Well, consider it a diet.
Meanwhile, back at the MCRH, Erica decides that she wants to apologize to Leanne for calling her fat the night before.
I’m sorry you’re so fat.
She reveals that attacking people’s looks is the equivalent of the “fight or flight” syndrome for her. Most people, when threatened, feel the need to either fight back or take flight and get the hell out of there. When Erica, the daughter of a plastic surgeon, feels threatened, she feels the need to attack people’s looks.
Leanne reveals that she had an eating disorder back in the day. Does Erica even KNOW what it’s like?? To be frail?? Thin?? Sick?? It is the WORST thing for you and your family and those who love you.
Ok fine. You’re not fat. You’re thick. Better?
Erica, not to be outdone, counters that she too was bulimic in college.
Leanne is the bigger person takes the high road and forgives Erica, because she figures Erica just doesn’t know any better.
Life Coach Laura shows up at the MCRH and calls a summit.
Sam will divulge his opinions on who learned their lesson and who is still a spoiled bitch. Leanne started out cold and aloof, but by EOD (that’s a business term meaning: End Of Day) Leanne had learned some lessons. Chrissy did NOT learn any lessons, she just looked into her compact all day long.
Chrissy calls him a hater.
On to the personal attacks. LCL mentions there have been quite a few this week. Erica again brings up her reasons for personal attacks: she is insecure about her own personal appearance.
Jessica too puts a positive spin on her personal attacks. She is a very protective person— so when she goes on a personal attack, it’s because she is protecting the people around her that she cares about.
Gia ALSO can make her personal attacks into a positive. It’s because she misses her daughter. And to make things even MORE positive, Life Coach Laura points out that Gia missing her daughter is a sign of how much personal growth she has achieved since the first week.

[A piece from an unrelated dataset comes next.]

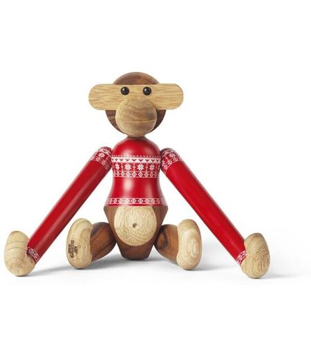 Kay Bojesen Abe Julesweater 2024 - lille Kay Bojesen Abe i en unik juleudgave bærer en rød julesweater, der smelter sammen med den verdenskendte designklassiker og julens hygge. Kay Bojesen Abe Julesweater 2024 er lavet i FSC-certificeret teak og fås i flere størrelser. Sweateren har et klassisk mønster med julestjerner og snefnug i hvid, mens de smalle bånd ved ærmerne prydes af et julerudemønster. Den røde farve er omhyggeligt malet, og det hvide mønster er præcist printet for at sikre et gennemført og autentisk look. Kombinationen af klassiske julefarver og Kay Bojesens humoristiske design gør aben til et livligt indslag i moderne juleindretning. Abe Julesweater 2024 er både nostalgisk og nyskabende, og tilføjer et kærligt kapitel til Bojesens ikoniske træfigurer. Designer: Kay Bojesen Materiale: Olieret teak, olieret limba og maling Mål: H: 18,5 cm B: 19,5 cm D: 6,5 cm ...

The other girls all reveal that they now respect Gia more because she is willing to change her daughter’s diapers.
Girls on track to graduate this week: Leanne, Amber, Jacqueline, Courtnee, Pam, Gia (bc of the daughter-thing, even though she didn’t do chores)
Girls NOT on track to graduate this week: Chrissy (bc of her attitude), Erica (bc of all the personal attacks in the house), Jessica (attitude/rage issues)
VIP (Very Improved Princess) of the week: Leanne (obviously)… but it seems like that’s more of a curse than a blessing because you are responsible for making sure all the chores get done.